That's a good point, Mommy Penguin.

I don't think that the OP wants to make a confrontation out of this.  I see why she'd feel uncomfortable putting their food away and serving only her own. I would, too, even though I'd feel the same as she does about their having brought it.  I get it about not wanting to "reward" the behavior, but I think it would be kind of cold to do that.  Personally, I wouldn't like it, either, but I'd just put it out alongside my own.  I realize that I don't care that much anymore about keeping 100% control or wanting to show everyone what I can do.  I think it's one of those things that doesn't bother you as much after a few years of hosting.

I recognize that it is etiquette-approved to put their food aside and serve only your own.  But I have to admit that if I were another guest at the party and saw the hostess do that, I'd understand perfectly how she felt, but I'd still think that her response was kind of childish and controlling.  And if I saw her put it out next to her own food, I'd think she was mature and gracious.  (I see no need at all for the host to put away what they made and serve only the guest's dish.)

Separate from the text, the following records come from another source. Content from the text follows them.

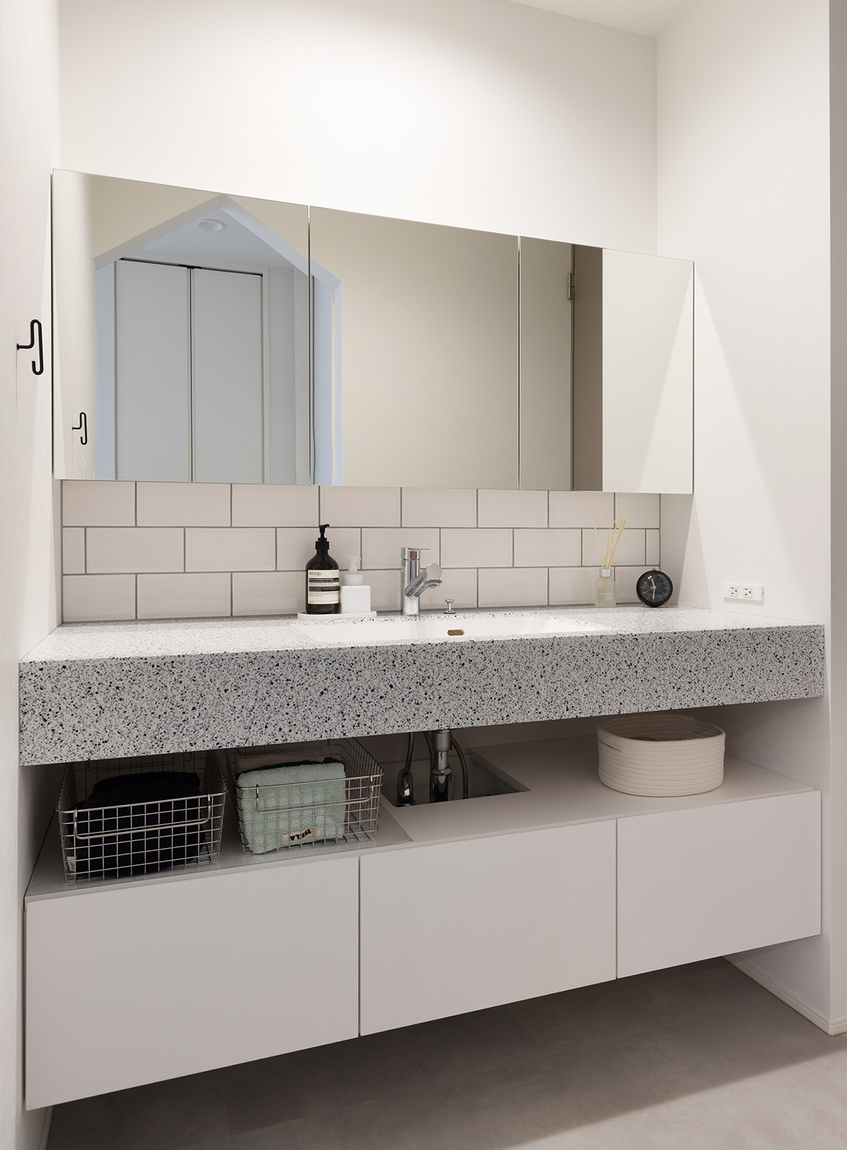 テラゾー柄のカウンターを用いた造作洗面台。サブウェイタイルや白の造作収納がマッチして爽やかな雰囲気にまとめました。
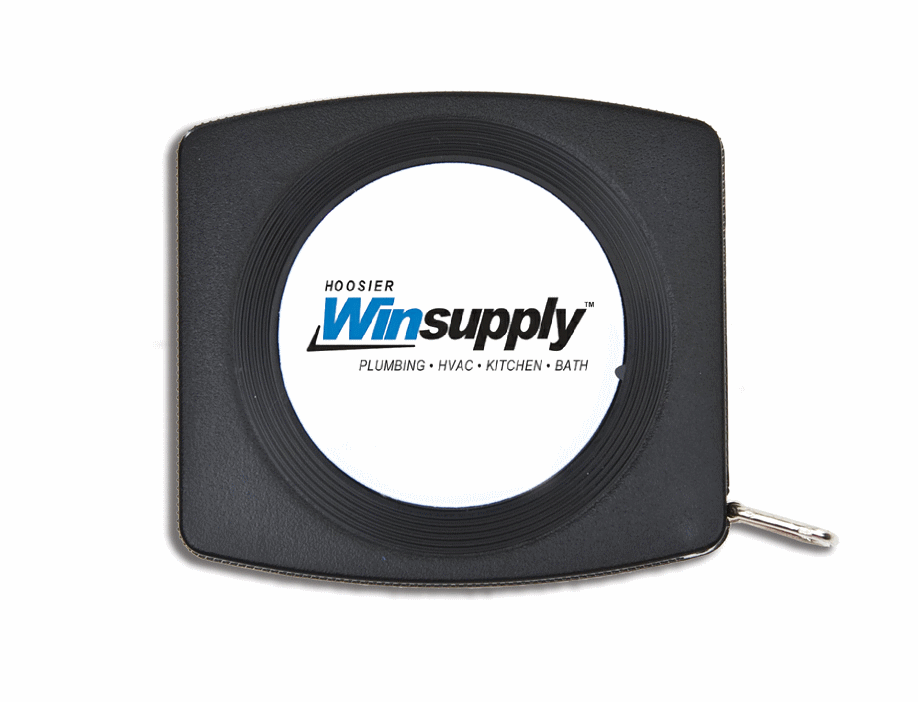Lufkin® 1/4"x6' Diameter Tape - English scale - 1/4" blade graduated consecutive inches to 1/16ths, first 12" to 1/32nds - front side of blade. Diameter inches to 1/100ths - back side of blade. Blank space before zero. Black, lightweight plastic case. Gift boxed in brown craft box. 1/4" W x 6' L. Pricing includes full color logo on white decal.
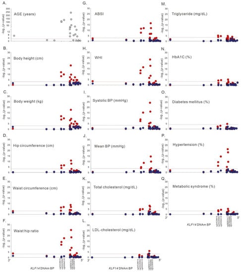 Regional plot association analysis betweenKLF14 methylation status and the studied phenotypes (A) Age, (B) Body height, (C) Body weight, (D) Hip circumference, (E) Waist circumference, (F) Waist hip ratio, (G) ABSI, (H) WHI, (I) Systolic BP, (J) Mean BP, (K) Total cholesterol, (L) LDL-cholesterol, (M) Triglyceride, (N) HbA1c, (O) Diabetes mellitus, (P) Hypertension, (Q) Metabolic syndrome, with (blue circle) or without (red circle) adjustment for age. The results showed subsidence of significant associations after adjustment for age.
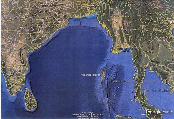 Latitude 10.58N. Longitude 97.57E. Wind SE force 2 becoming southerly force 1. Barometer 29.85 inches. Maximum temperature 87F.
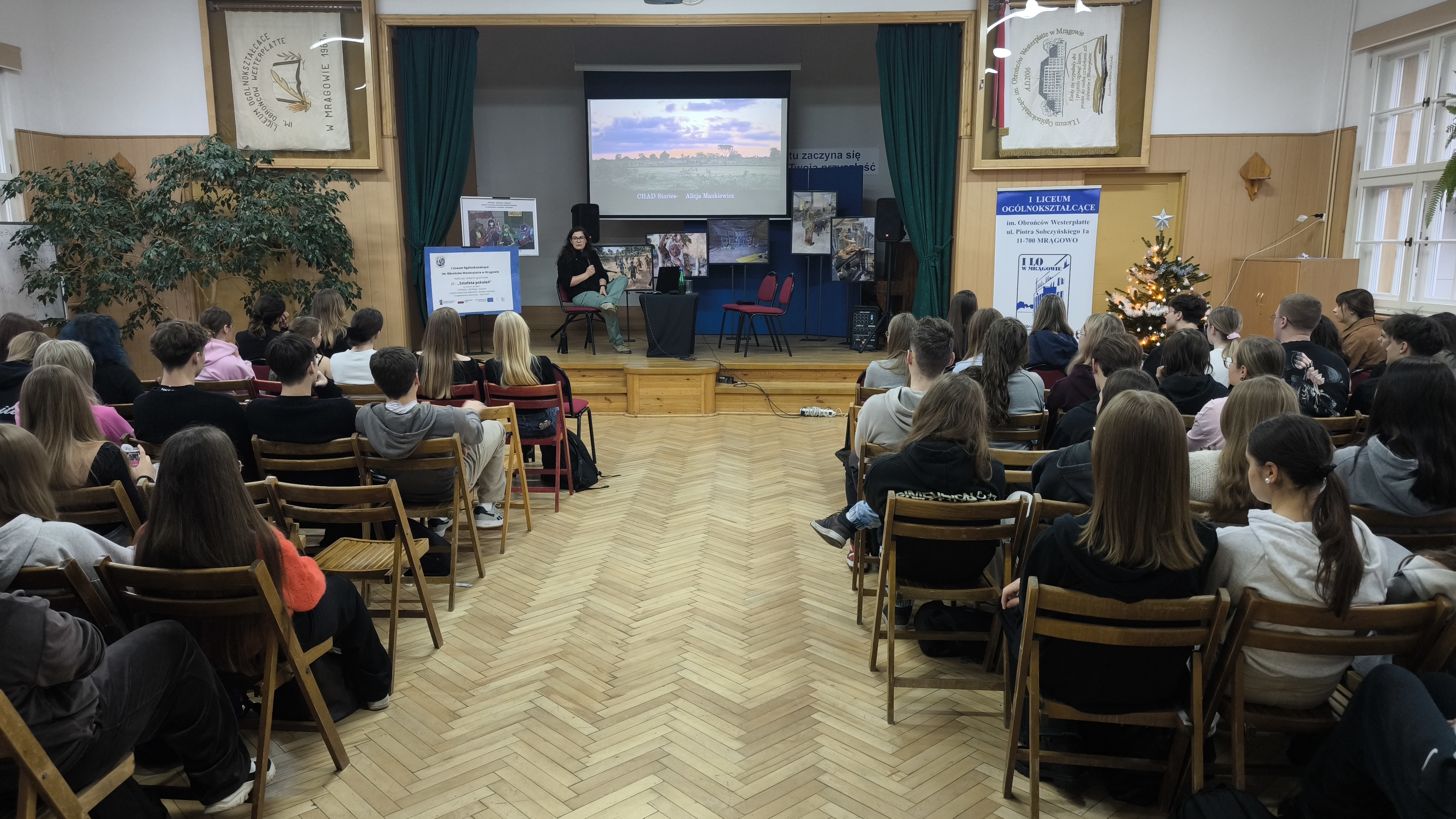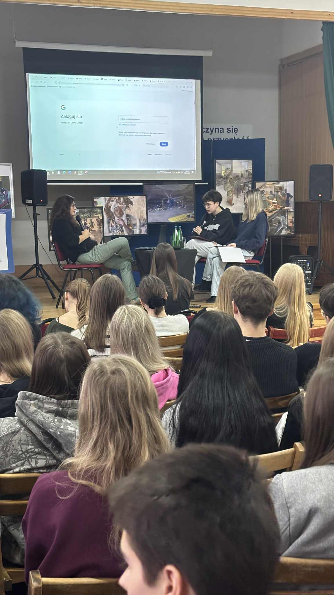 Podczas wykładu mieliśmy okazję wysłuchać wiele o tym doświadczeniu- opowiadała o codziennych wyzwaniach, z jakimi mierzą się tamtejsze społeczności, o braku sprzętu medycznego, o pracy w ekstremalnych warunkach, ale też o niezwykłej sile, serdeczności i determinacji ludzi, których spotkała. Pokazała nam prawdziwą, często trudną stronę wolontariatu – pełną odpowiedzialności, emocji i momentów, które zostają w pamięci na zawsze i nas kształtują. Jej historie były jednocześnie wstrząsające i inspirujące. Wiele się nauczyliśmy, a cała rozmowa skłoniła nas do głębokiej refleksji nad codziennością, którą często traktujemy jako oczywistość. Otwartość Pani Doktor, imponująca wiedza oraz umiejętność nawiązywania kontaktu z młodymi ludźmi sprawiły, że rozmowa była nie tylko wartościowa merytorycznie, ale też bardzo angażująca. Po wywiadzie mieliśmy możliwość podzielenia się własnymi refleksjami, przemyśleniami oraz okazję do zadawania pytaniań. Spotkanie było naprawdę wyjątkowe, pełne autentycznych emocji. Serdecznie dziękujemy Pani Doktor za podzielenie się swoim doświadczeniem i czasem.
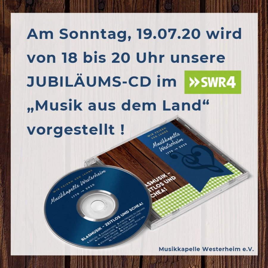 Einschalten lohnt sich! Am Sonntag, 19.07.2020 zwischen 18:00 Uhr und 20:00 Uhr stellt der SWR4 Baden-Württemberg unsere neue CD vor.In der Sendung “Musik aus dem Land” werden drei Stücke von der Musikkapelle Westerheim präsentiert, mit den Titeln:– I bin von Weschderhoi– Zeitlos– Hey JudeWer also Lust und Zeit hat, setzt sich vors Radio und genießt unsere Blasmusik.Und…
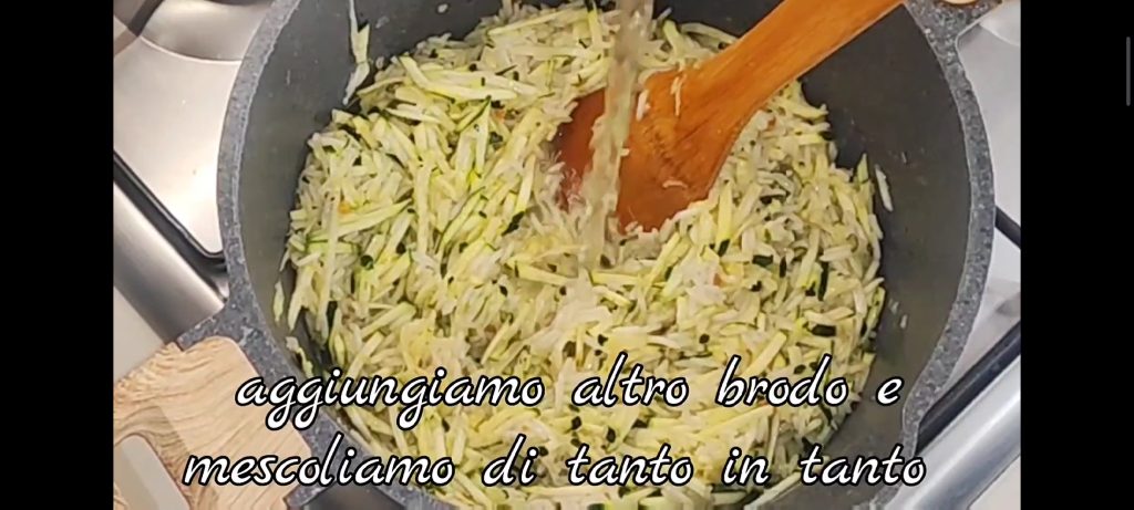 Rooster het enkele minuten. Voeg beetje bij beetje de bouillon toe en laat het koken, af en toe roeren. Voeg halverwege de geraspte courgette toe.
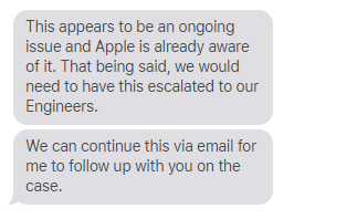 Apple Senior Advisor told me "This appears to be an ongoing issue and Apple is already aware of it. That being said, we would need to have this escalated to our Engineers. "
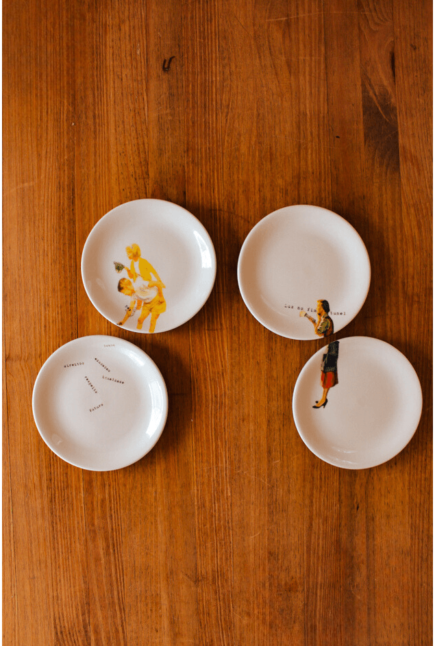 Conjunto de pratos decorativos feitos de porcelana com aplicações exclusivas do Greghi. Nessa nova coleção intitulada "memórias de um menino", Greghi abrange temas polêmicos como infância e direitos em conjunto com ilustrações em um estilo retrô, carascterístico do seu trabalho. Uma peça especial e cheia de significado para a sua parede.
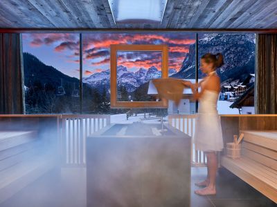A sauna has plenty of benefits, as it relaxes muscles after a day of skiing in the Dolomites, a hike or a cycling tour through the mountains of Alta Badia and South Tyrol.
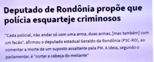 – Depois chegaram os produtores rurais e os pecuaristas, não tão pacíficos, destruindo florestas, expulsando índios e plantando uma nova sociedade, não muito pacífica. Tem até um deputado que exige que a polícia ande com armas e um facão, pra ‘cortar a cabeça’ dos bandidos!
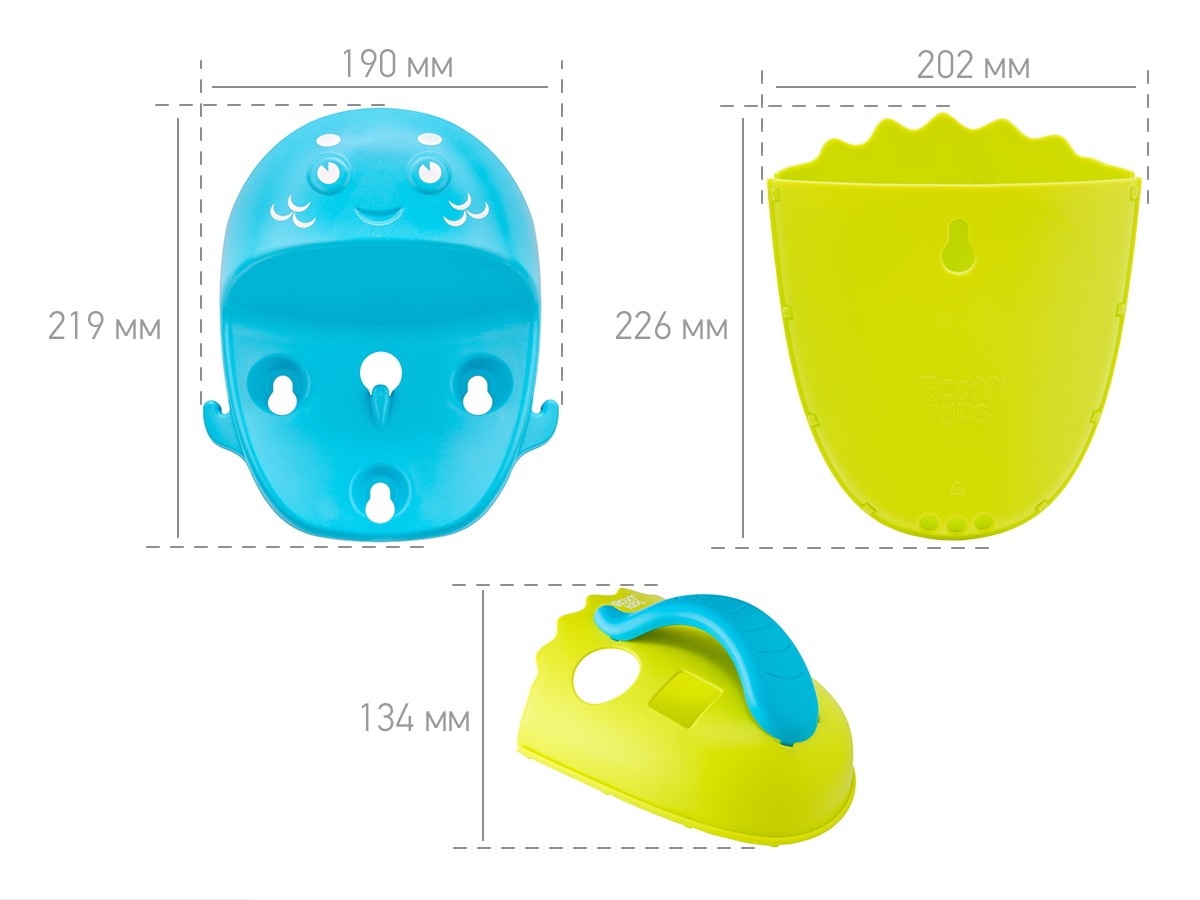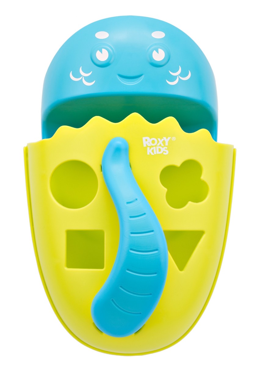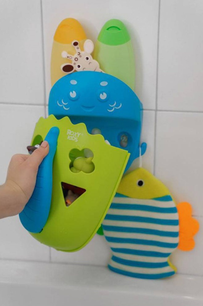 Органайзер с полкой для хранения игрушек и банных принадлежностей от ROXY-KIDS – это улучшенная версия органайзера-сортера DINO. Одно дополнение в виде базы в разы увеличило потенциал этого аксессуара для ванной. Теперь точно не придется искать мыльные принадлежности малыша: на полку можно поставить шампунь и гель, на крючки по бокам повесить мочалки, а при помощи органайзера быстро собрать все игрушки.

You are wise to see this as not hostility.  They are trying to be nice.  Also, especially with a relative or close friend, they are trying to be inner-circle.  The same as they might stay to help you clean up, try to talk to people who are being left out, etc. -- they want to help you host.  You may not want help, but you are correct that their impulse is a good one.  So I wouldn't put it aside.  Definitely don't say anything snarky or PA (like "Oh, did you forget I said not to bring anything?").  Just say thank you and either serve it or don't.  You are entitled to look out for your own boundaries, but not to try to teach them a lesson, especially by making them feel bad or humiliated -- no matter what they did, that's poor hosting.  If you want to talk to them about the issue and ask them please please not to bring things, that's fine, but do it another time, not in front of the other guests and through words, not through behavior.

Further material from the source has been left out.